Alfonso Maruccia

MasterCard, il corpo per pagare

Il colosso dei pagamenti lavora alla realizzazione di un sistema di verifica basato sull'uso dei dati biometrici: tra riconoscimento facciale e impronte digitali, teoricamente a prova di compromissione

Roma - Fare acquisti con un selfie: così MasterCard propone il sistema di verifica dei pagamenti basato su dati biometrici a cui sta lavorando, un meccanismo che a detta della corporation sarebbe perfetto per le nuove generazioni e velocizzerebbe gli acquisti nei negozi convenzionati.


MasterCard parla di una "innovazione" in grado di integrare perfettamente la biometria all'interno della "esperienza" di pagamento, una procedura che permette di scegliere fra la lettura delle impronte o dei lineamenti del volto (con tanto di battito di ciglia per distinguere tra un essere umano e una foto) come meccanismo di verifica dell'identità di chi esegue la transazione.

Un primo progetto pilota per testare la nuova app dei pagamenti basati su autenticazione biometrica coinvolgerà 500 diversi clienti, comunica MasterCard e sarà prevedibilmente disponibile sugli app store più popolari.
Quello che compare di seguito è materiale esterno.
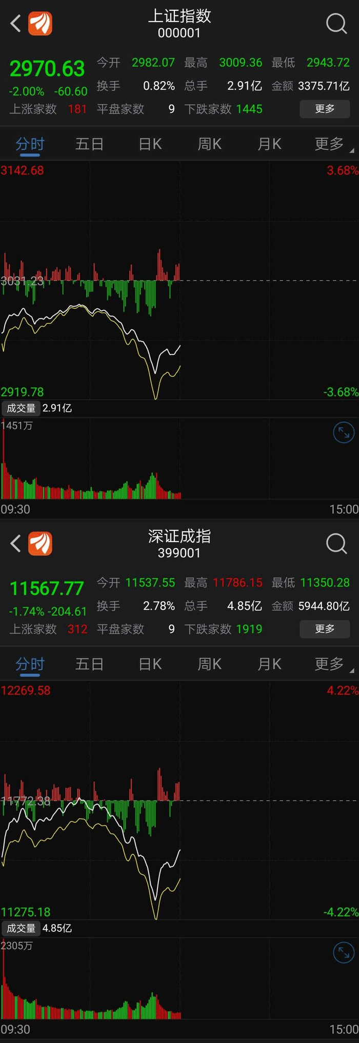 A股今日早盘也被大幅拖累。截至午间,沪指大跌2%,深证成指下跌1.74%,创业板指下跌1.96%。同时,在下跌当中,早盘两市成交高达9321亿元。行业板块方面,仅医疗行业一枝独秀,逆势飘红。种业、数字货币、金融机具、仪表仪器等板块跌幅居前。

Per i negozi l'operazione sarà trasparente, visto che richiederà l'utilizzo dello smartphone di proprietà dell'acquirente.
Una volta passato il test del progetto pilota, il meccanismo di pagamenti dovrebbe essere implementato da parte dell'intera platea di consumatori telefonino-dotati. E non finisce certo qui, visto che Mastercard ha in programma di testare nuovi sistemi biometrici come la verifica della voce o il riconoscimento del battito cardiaco.